In 1996 Vilks declared the one square kilometer around his works to be its own country, Ladonia, which is the fastest growing micronation in the world. Over 13,000 people from all corners of the globe have been granted Ladonian citizenship and Vilks himself is the Secretary of State. “Running a small country entails its fair amount of administration work,” he concedes. Especially when three thousand Pakistanis requested visas over the Internet without realizing that Ladonia was a mostly virtual country.

The diligent Vilks has simultaneously been prolific, publishing several books (in Swedish) including such intriguing titles as, “The Theory of Everything”, “The Authorities as Artistic Material”, and “How To Become A Contemporary Artist In Three Days” with colleague Martin Schibli.

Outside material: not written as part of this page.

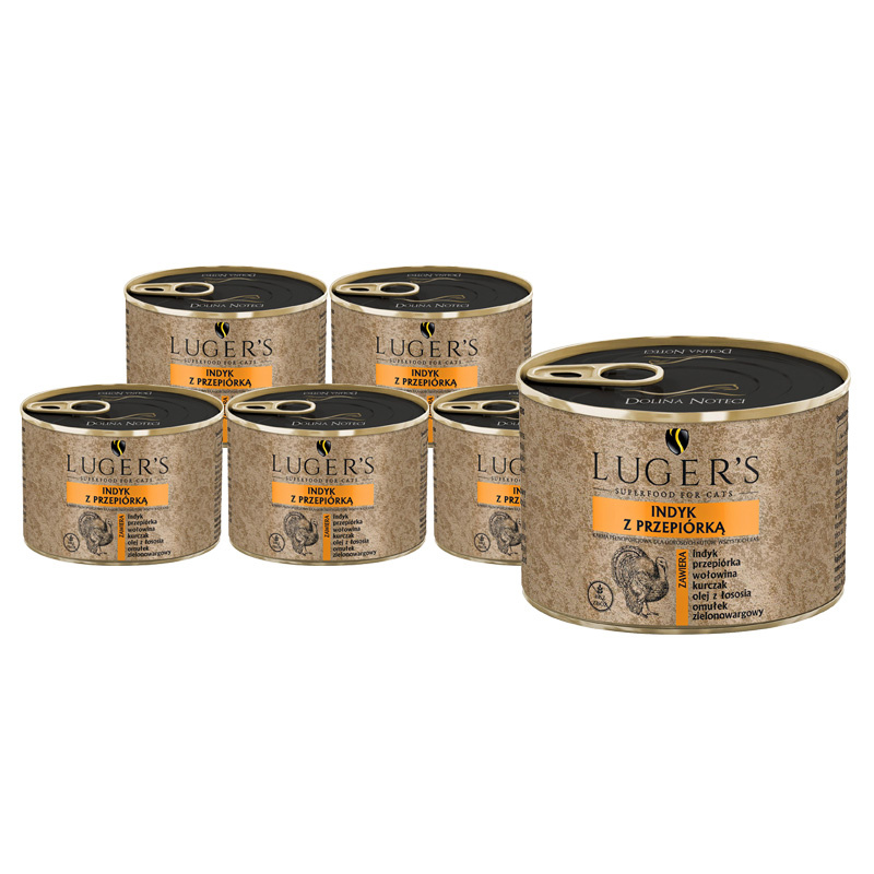 - Luger’s indyk z przepiórką jest pełnoporcjową, mokrą karmą, dedykowaną dorosłym kotom wszystkich ras. Starannie dobrany skład zaspokaja ich specyficzne wymagania żywieniowe.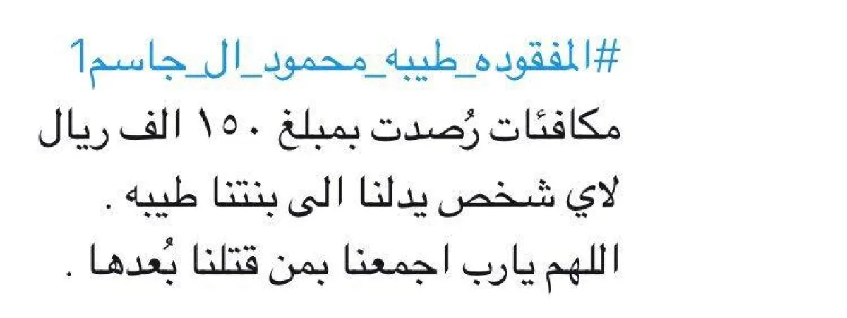 وقد أطلقت عائلة الطالبة هاشتاقاً جديداً بعنوان "#المفقوده_طيبه_محمود_ال_جاسم 1" بعد الهاشتاق الأول "#المفقوده_طيبه_محمود_ال_جاسم"، الذي تم حجبه لأنه وصل إلى "الترند الأعلى". وتم في الهاشتاق الجديد الإعلان عن مكافأة مالية من قِبل العائلة وقدرها 150 ألف ريال لمَن يملك معلومات تدل على مكان طيبة، وطالبت العائلة بعدم تداول المعلومات الكاذبة، التي انتشرت في حسابات عدة على "تويتر".

Now that he has momentum, the slow starter just keeps progressing. Vilks managed to give 80 lectures last year (he lectures entirely from memory) and he continues to develop his art theories, and projects like Ladonia and Nimis. “Nimis is not finished yet,” he puzzles, “I am not really sure how to finish it.” While Nimis is likely what most people think of when they hear his name, Vilks is most proud of having raised the level of discourse in the realm of art.

Vilks is a man of great wit and a most agreeable dinner companion. He is visibly elated when, after a rich chocolate dessert, an unexpected platter of decorative sweets materializes with our coffee. He is even happier when I cannot finish mine and comes gallantly to the rescue. The artist is content.